Le timing a longtemps soulevé des questions. Les taux de natalité aux États-Unis et dans des dizaines d’autres pays ont commencé à baisser en 2007, la même année où Apple a mis en vente le premier iPhone. Deux nouveaux articles universitaires, soulignés par le New York Times, affirment désormais que ce chevauchement n’est pas une coïncidence.
Ce que la recherche a trouvé
L'économiste Caitlin Myers et son étudiant Ezekiel Hooper du Middlebury College ont construit leur argumentaire autour d'une bizarrerie structurelle : l'iPhone d'origine ne fonctionnait que sur le réseau d'AT&T. Cela leur a donné une expérience naturelle. Les comtés bénéficiant d’une forte couverture AT&T ont bénéficié d’un accès anticipé aux smartphones, tandis que les comtés qui n’en disposaient pas ne l’ont généralement pas fait.
En comparant les données de fécondité de ces deux groupes, les chercheurs ont conclu que l’accès à l’iPhone était à l’origine de la moitié de la baisse du taux de natalité aux États-Unis entre 2007 et 2011, l’effet le plus marqué étant enregistré dans la tranche d’âge des 15 à 24 ans. Quant à la raison de cette baisse, les chercheurs soulignent que l'abandon des relations sociales en personne, un plus grand accès à la pornographie et une meilleure connaissance des options de contraception et d'avortement sont des explications possibles.
Une étude distincte a adopté une vision plus large. Hernan Moscoso Boedo, professeur d'économie à l'Université de Cincinnati, et Nathan Hudson, doctorant, ont examiné les données de la Banque mondiale couvrant 128 pays et ont constaté que les taux de fécondité des adolescentes ont fortement chuté une fois que les smartphones sont devenus courants, quelles que soient les différences de systèmes de santé, de religion ou de conditions économiques. Aux États-Unis, ils ont constaté que les comtés dotés d’un haut débit plus rapide et d’une couverture 4G ont connu une baisse plus forte du taux de natalité chez les adolescentes.
Une conclusion contestée
La recherche n’a pas réglé le débat. L'économiste du Baruch College, Theodore Joyce, souligne que les taux de natalité chez les adolescentes étaient déjà en baisse avant 2007 et affirme que l'hypothèse du smartphone, bien que plausible, n'est toujours pas prouvée.

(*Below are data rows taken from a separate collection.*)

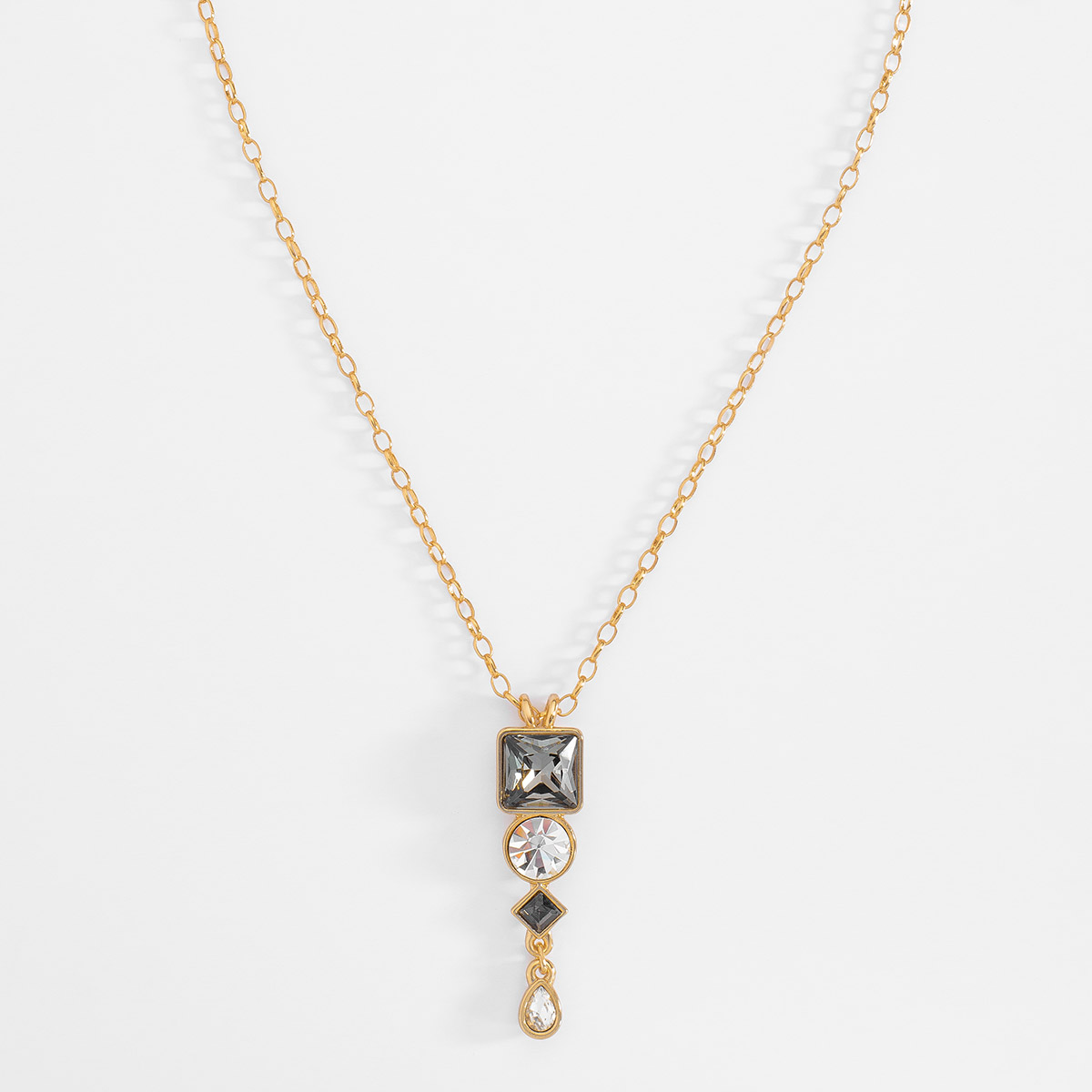 COLLAR EN BAÑO DE ORO DE 42 CM + 10 CM DE EXT. CON PIEDRAS COLOR CRISTAL Y GRIS
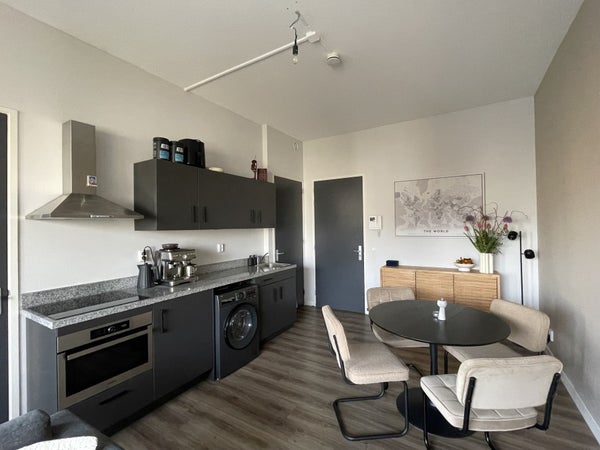 L'appartement de 42 m² est astucieusement agencé et dispose d'une cuisine ouverte, équipée d'une hotte aspirante, d'une plaque de cuisson à induction, d'un four combiné micro-ondes et d'un réfrigérateur-congélateur. La salle de bain est équipée d'une spacieuse douche à l'italienne et d'un meuble lavabo élégant. Il y a aussi un WC flottant séparé.
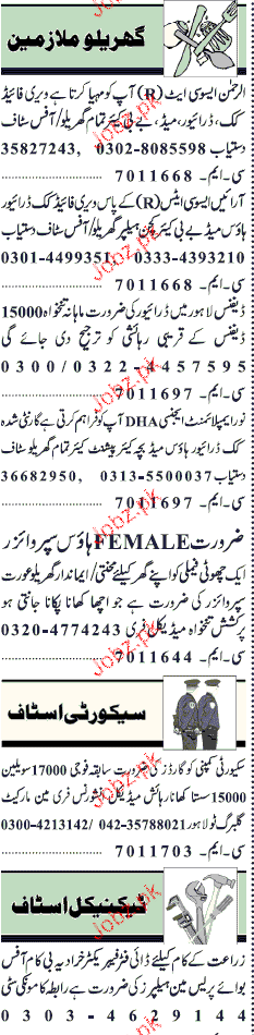 Latest Private Company House Staff Posts Lahore 2025
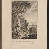 Sur un chemin qui mène vers Paris dont on voit au loin l'île de la Cité et qui passe près d'un moulin à vent, un homme (Jean-Jacques Rousseau), tête nue et le tricorne sous le bras gauche, joint les mains en regardant la ville, debout sous un arbre.

Les études arrivent alors que les gouvernements des États-Unis, d’Europe et d’Asie de l’Est sont aux prises avec les conséquences économiques à long terme du déclin démographique. Si les smartphones constituent un moteur significatif, cela complique toute réponse politique. Contrairement à la récession ou aux coûts du logement, le temps passé devant un écran n’est pas quelque chose que les législateurs peuvent facilement éliminer par voie législative.